_Work instruction_
Below are several records. Retype exactly those lines running from the one with "Parts for Briggs" through the one with "粒度(#):150 | 刃径(mm):3", end lines included, and no others.

_The data_
Segment Open

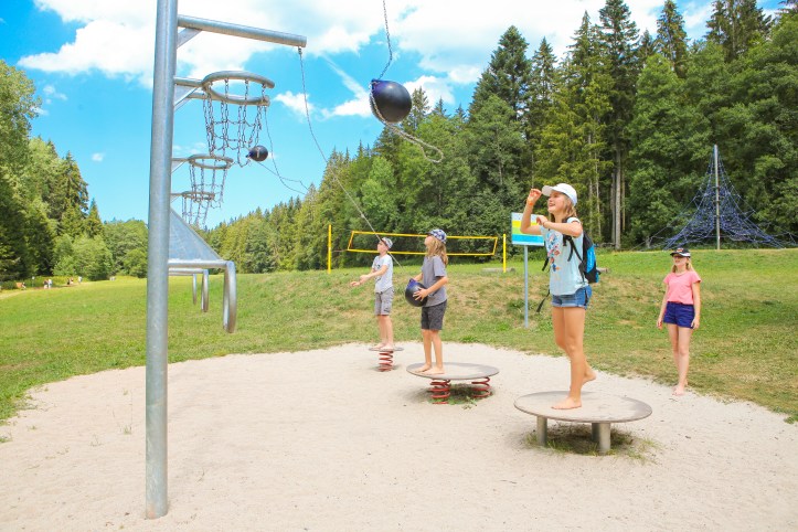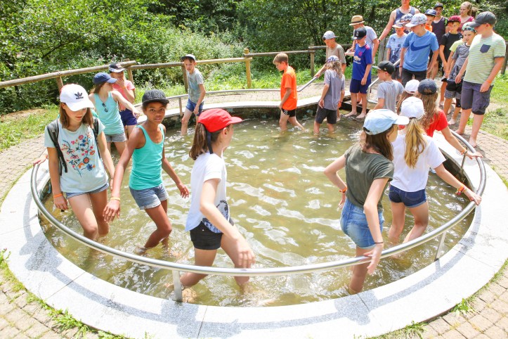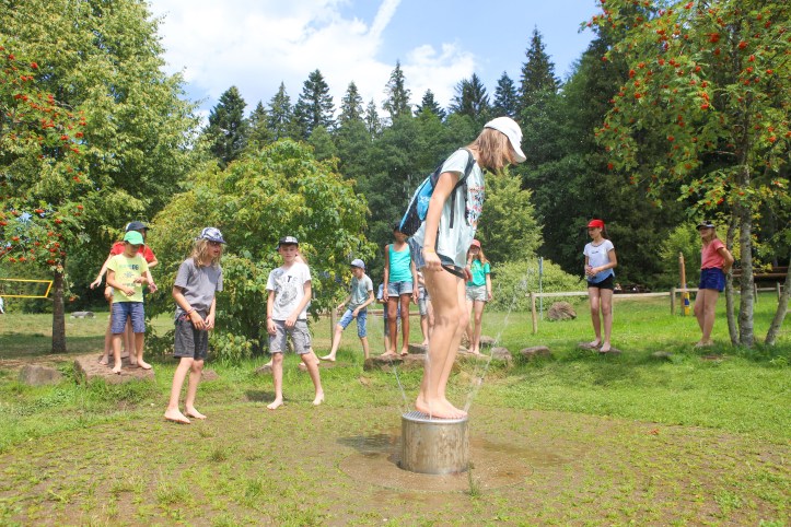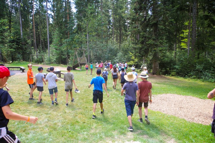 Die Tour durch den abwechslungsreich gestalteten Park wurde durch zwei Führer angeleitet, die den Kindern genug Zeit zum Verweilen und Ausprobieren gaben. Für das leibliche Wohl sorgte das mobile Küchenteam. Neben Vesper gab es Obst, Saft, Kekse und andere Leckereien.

Segment Closed
Segment Open

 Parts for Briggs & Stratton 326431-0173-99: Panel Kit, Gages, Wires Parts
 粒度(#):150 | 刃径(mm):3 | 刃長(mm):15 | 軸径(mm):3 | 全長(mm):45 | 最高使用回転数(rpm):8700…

Segment Closed
Segment Open

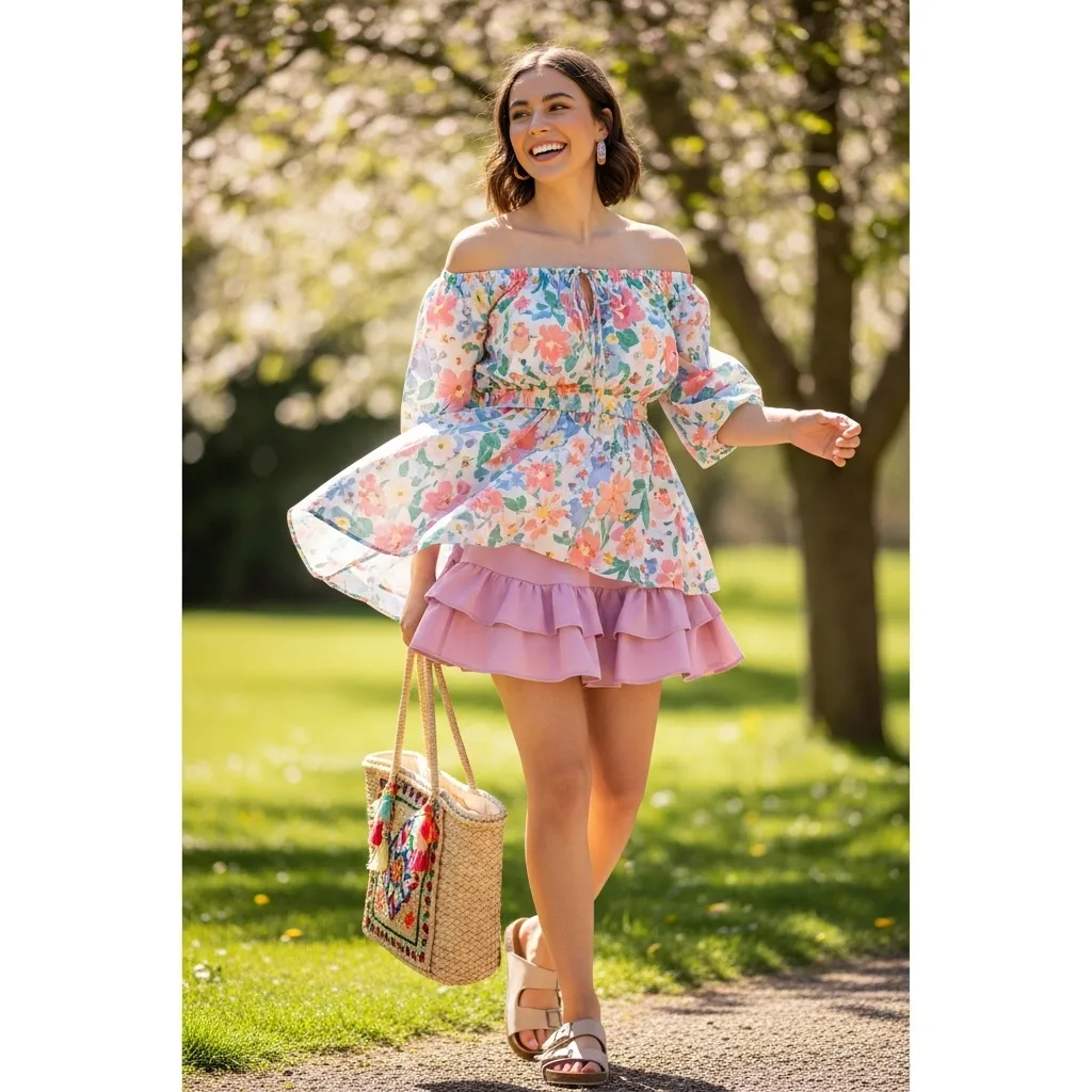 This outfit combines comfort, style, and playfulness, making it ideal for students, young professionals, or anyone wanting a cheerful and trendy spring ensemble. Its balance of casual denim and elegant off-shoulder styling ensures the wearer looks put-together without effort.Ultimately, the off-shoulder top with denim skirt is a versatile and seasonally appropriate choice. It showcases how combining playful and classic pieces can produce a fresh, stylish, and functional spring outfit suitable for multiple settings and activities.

Segment Closed

_Task output_
 Parts for Briggs & Stratton 326431-0173-99: Panel Kit, Gages, Wires Parts
 粒度(#):150 | 刃径(mm):3 | 刃長(mm):15 | 軸径(mm):3 | 全長(mm):45 | 最高使用回転数(rpm):8700…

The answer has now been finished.